Factorise $x^{3}-23 x^{2}+142 x-120$

(N/A) Let $p(x) = x^{3}-23 x^{2}+142 x-120$.
We look for factors of the constant term $-120$. Some of these are $\pm 1, \pm 2, \pm 3, \pm 4, \pm 5, \pm 6, \pm 8, \pm 10, \pm 12, \pm 15, \pm 20, \pm 24, \pm 30, \pm 60$.

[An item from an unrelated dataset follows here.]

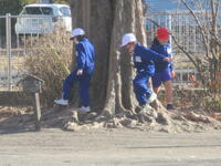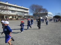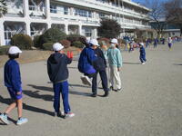 東っ子たちは、今日の3学期始業式や予定されていた諸活動を終えて、下校のために登下校班ごとに集合しました。

By trial,we find that $p(1) = 1^{3} - 23(1)^{2} + 142(1) - 120 = 1 - 23 + 142 - 120 = 0$. Therefore,$(x-1)$ is a factor of $p(x)$.
Now,we rewrite the polynomial:
$x^{3}-23 x^{2}+142 x-120 = x^{3}-x^{2}-22 x^{2}+22 x+120 x-120$
$= x^{2}(x-1) - 22x(x-1) + 120(x-1)$
$= (x-1)(x^{2}-22x+120)$.
Next,we factorise the quadratic $x^{2}-22x+120$ by splitting the middle term:
$x^{2}-22x+120 = x^{2}-12x-10x+120$
$= x(x-12) - 10(x-12)$
$= (x-12)(x-10)$.
Thus,the complete factorisation is $x^{3}-23 x^{2}+142 x-120 = (x-1)(x-10)(x-12)$.